On Sun, 08 Sep 2024 10:28, Joseph Kurape <jkur...@gmail.com> wrote:
Hello,

I'm new to open-source, but I've learned C and Python.

I've read the 'Getting Started' guide, but aside from signing up for the
mailing list and getting the source code, it doesn't provide much direction
for beginners.

I'm looking for somewhere I can contribute. Could any maintainer suggest
any issue they need fixing or offer general directions on the best way to
get started?

Hello Joseph!

First, the bad news: QEMU is a sophisticated and complicated project, and I would not recommend it as the first foray of serious programming to most people. But the good news is, it is still possible to contribute without being an expert simply because QEMU is composed of many different things.

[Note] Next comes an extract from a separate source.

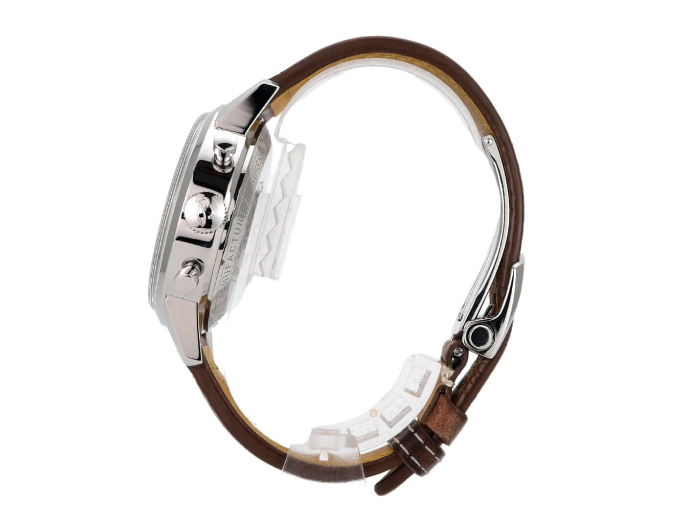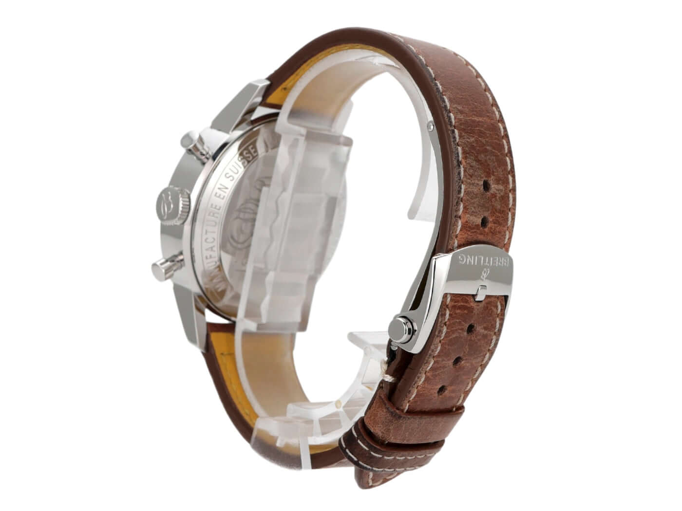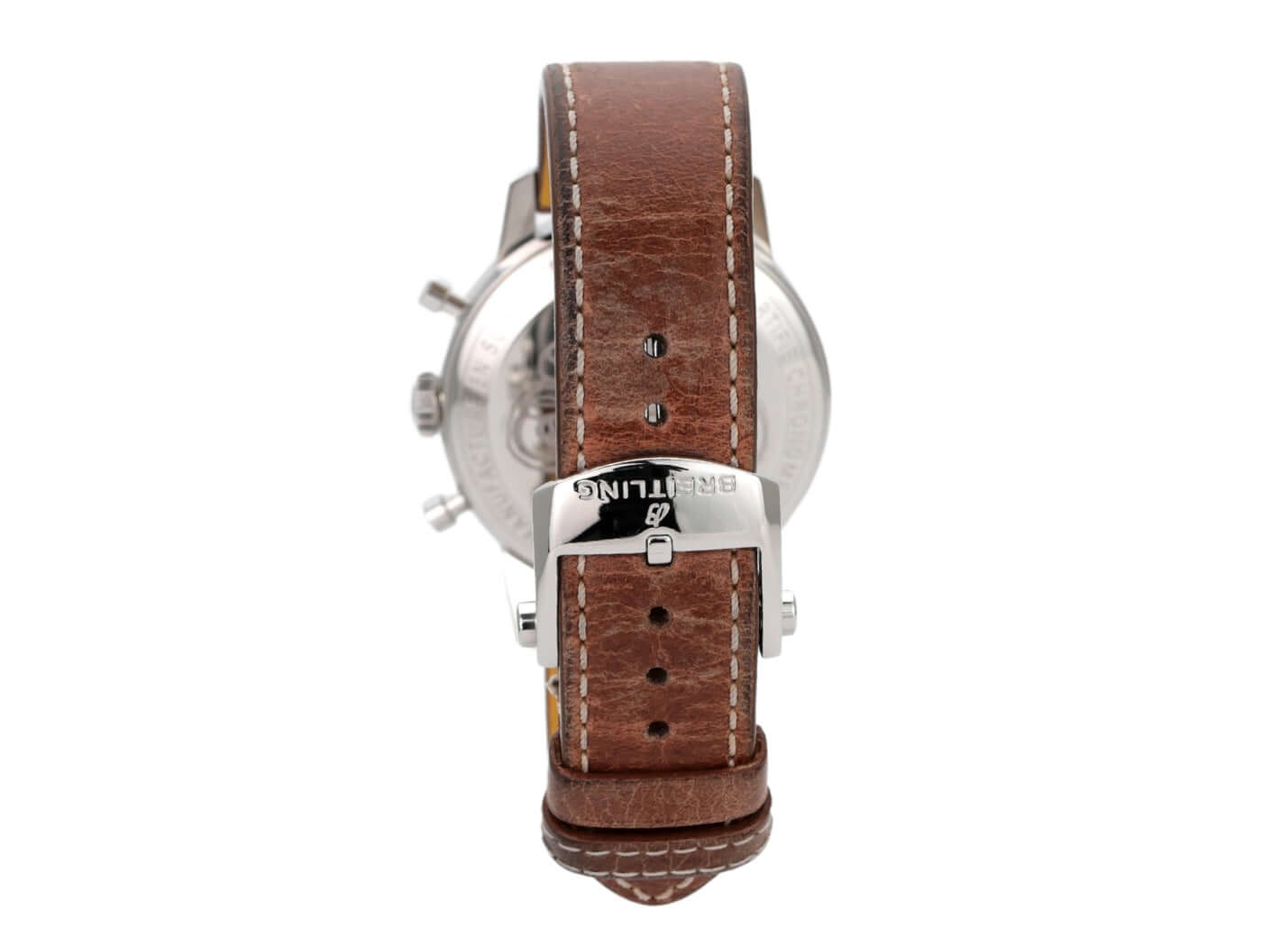Gehäuse aus Edelstahl poliert, Gehäusedurchmesser 41 mm, Gehäusehöhe 14,27 mm, polierte Edelstahl Lünette, braunes Lederband mit Faltschließe, weißes Zifferblatt mit aufgesetzten Indizes, blaue Totalisatoren, Leuchtzeiger, Automatikwerk, Breitling 23, Schwingung 28.800 A/h, Gangreserve für ca. 48 Stunden, Saphirglas doppelseitig entspiegelt, Boden aus Edelstahl verschraubt und graviert, wasserdicht bis zu 3 bar, limitiert auf 2000 Stück.
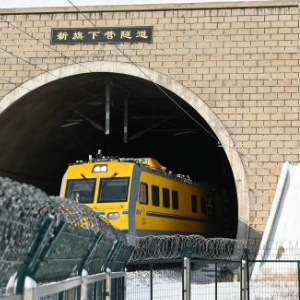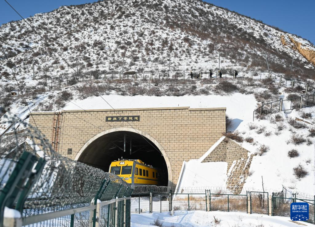 2月7日,刘贵兵和同事在隧道顶部防护栏处进行巡护检查。

The usual advice is to take a look at the issues labelled as "Bite-Sized" on our Issue tracker:

https://gitlab.com/qemu-project/qemu/-/issues/?sort=created_date&state=opened&label_name%5B%5D=Bite+Sized&first_page_size=50

Take your time looking at each of them and you can choose something that looks approachable to you.

Note: I see that in many issues people say they want to contribute and ask for the issue to be assigned to them- no need to do that! Focus on writing down your solution and sending it to the list while following the "submitting a patch" docs: https://www.qemu.org/docs/master/devel/submitting-a-patch.html

If you have any kind of technical question you should ask on IRC, if you happen on any developer being online at the same time as you, or on the list. Do not ask people in private because not only will less people see your question, but most QEMU maintainers only pay attention to the mailing list for QEMU related discussion.

If you have any more questions feel free to ask!